The Sports World Should Stop Mincing Words

By John Feinstein
Special to
Monday, July 16, 2007; 4:39 PM

We live, these days, in a world that becomes more absurd by the moment.

A man who is convicted of leaking information that could affect national security has his sentence commuted by a President who invokes national security as an excuse for not revealing what he or anyone on his staff had for breakfast. An heiress whose major talents appear to be being blonde, stupid and rich, becomes the subject of non-stop media coverage because she goes to jail on a DUI conviction (spending more time in jail, by the way, than the national security leaker) and then uses her release from prison to launch a new clothing line.

The world of sports is no different. The rule these days is to find 15 different ways to not tell the truth, regardless of the subject. Let us begin -- sadly -- with baseball's ongoing hostage crisis, the saga of Barry Bonds. If ever a sport has desperately needed for a superstar to go away, it is baseball and Bonds, who now says he wants to play again next year. Baseball needs another year of Bonds about as much as the world needs a TV show co-hosted by Scooter Libby and Paris Hilton.

There aren't 10 people outside the city of San Francisco who don't believe every word of "Game of Shadows," the book that reveals in painful detail Bonds' decision to start using steroids in 1999 and how it changed his body, his life and baseball history. In fact, it is quite probable that most people in San Francisco believe the book too -- they just don't care. He hits home runs, he won the city a pennant in 2002 and he helped get a gorgeous new ballpark built. So he may be a cheat, but he's their cheat.


The rest of us remain in captivity. Bonds speaks at the All-Star break and, out of one side of his mouth he says he has no problem with Hank Aaron saying he won't be there when Bonds breaks his all-time home run record (current numbers: Aaron-755, Bonds-751). Then, out of the other side of his mouth, declares he will be right there (if) when Alex Rodriguez breaks his record six, seven or eight years from now. English translation: I'm a better guy than Hank Aaron.

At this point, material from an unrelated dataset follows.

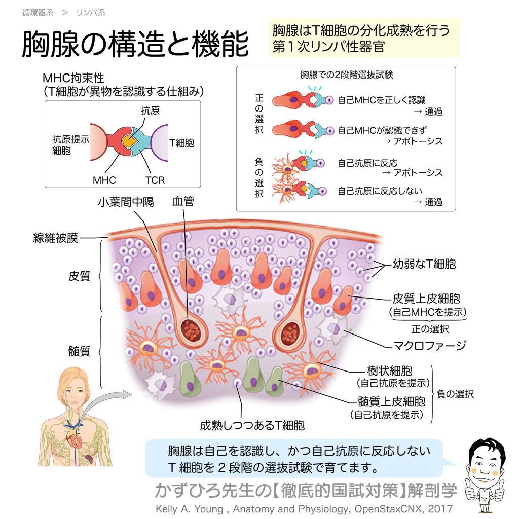 胸腺の内部構造 - 完全攻略ガイド はじめに 胸腺はT細胞の分化成熟を行う第一次リンパ性器官です。皮質で正の選択、髄質で負の選択を行い、自己を認識しかつ自己抗原に反応しないT細胞を育てます。国家試験で超頻出のテーマです。 詳しい解説 胸腺の構造 ... -

Of course, that's, to use a polite word, baloney. Bonds knows why Aaron won't be there; everyone knows why Aaron won't be there. The only problem is Aaron won't say why he won't be there. In keeping with today's jock mores, he keeps circling the subject, talking about not wanting to travel or being busy or just not much feeling like hanging around waiting for a home run. English translation: Bonds is a cheat, he's a jerk and I have no interest in honoring him for a single second.

If he said that, then he would force Bonds to respond in English, rather than winking and saying, "Oh, I have no problem with Hank Aaron." But, since no one in sports speaks directly to any issue anymore, the two men just circle one another.

The same is true of Commission Bud (Hamlet) Selig.

To be there or not to be there (when Bonds hits number 756), that is the question. Whether 'tis nobler to shake the hand of a cheat who I helped get away with cheating for years or to finally stand up and say, "ENOUGH!" Get thee to a nunnery that day rather than a ballpark!

Apologies to Shakespeare. The point though is this: Selig's waffling and warbling on the issue is ridiculous. Everyone knows he doesn't want to be there, that he loves Aaron and can't stand Bonds and what Bonds stands for. And yet, everyone knows that unless Selig gets lucky and Bonds breaks the record during Hall of Fame weekend (July 28-29) when Selig is already committed to being in Cooperstown to honor two true Hall of Famers, Tony Gwynn and Cal Ripken, he's going to be there.

Some say he should be there because he's as culpable as Bonds because he and the owners turned their back on steroids for years. No doubt everyone is guilty: Selig, the owners, the player's union, the media -- no one is innocent. But the notion that Selig should somehow sanction this cheating by shaking Bonds's hand in what will be one of the most insincere gestures in sports history is ludicrous.